**Your assignment**
Copy exactly the lines of the material below that run from the one containing "Ważne jest żeby" through the one containing "3-к.квартира, 82.1 м², 8". Copy no other lines.

**Information given**

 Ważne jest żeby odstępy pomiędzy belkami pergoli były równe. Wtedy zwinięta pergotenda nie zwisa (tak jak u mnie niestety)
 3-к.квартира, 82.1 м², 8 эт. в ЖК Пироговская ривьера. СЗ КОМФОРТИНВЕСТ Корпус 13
--
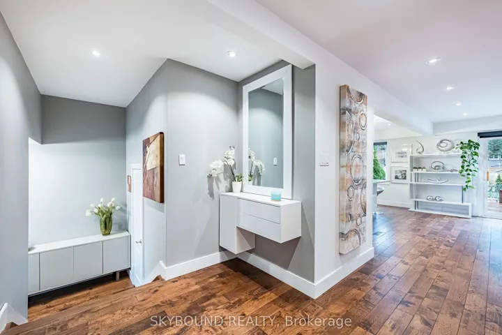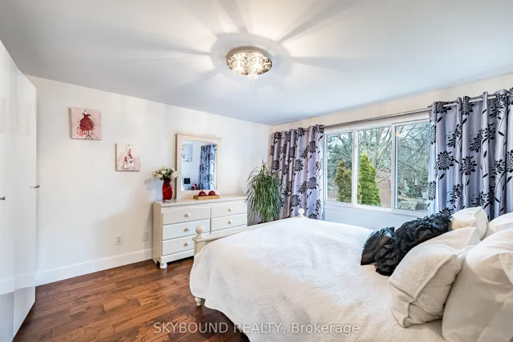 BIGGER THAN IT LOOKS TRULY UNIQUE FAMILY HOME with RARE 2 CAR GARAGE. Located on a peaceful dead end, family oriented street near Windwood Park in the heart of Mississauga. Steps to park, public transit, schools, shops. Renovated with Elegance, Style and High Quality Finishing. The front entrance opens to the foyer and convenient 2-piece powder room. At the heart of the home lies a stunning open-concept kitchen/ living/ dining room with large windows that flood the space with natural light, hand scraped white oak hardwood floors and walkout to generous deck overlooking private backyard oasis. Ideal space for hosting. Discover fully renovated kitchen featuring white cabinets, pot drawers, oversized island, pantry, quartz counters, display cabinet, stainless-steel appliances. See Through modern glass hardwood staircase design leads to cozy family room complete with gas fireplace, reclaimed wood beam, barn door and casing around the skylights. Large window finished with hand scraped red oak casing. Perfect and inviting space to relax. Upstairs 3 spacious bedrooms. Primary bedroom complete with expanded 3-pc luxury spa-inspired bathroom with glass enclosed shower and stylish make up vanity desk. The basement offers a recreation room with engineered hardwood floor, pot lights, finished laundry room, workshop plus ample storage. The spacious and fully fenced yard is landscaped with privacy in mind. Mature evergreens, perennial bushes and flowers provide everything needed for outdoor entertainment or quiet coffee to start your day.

**Result for this task**
 Ważne jest żeby odstępy pomiędzy belkami pergoli były równe. Wtedy zwinięta pergotenda nie zwisa (tak jak u mnie niestety)
 3-к.квартира, 82.1 м², 8 эт. в ЖК Пироговская ривьера. СЗ КОМФОРТИНВЕСТ Корпус 13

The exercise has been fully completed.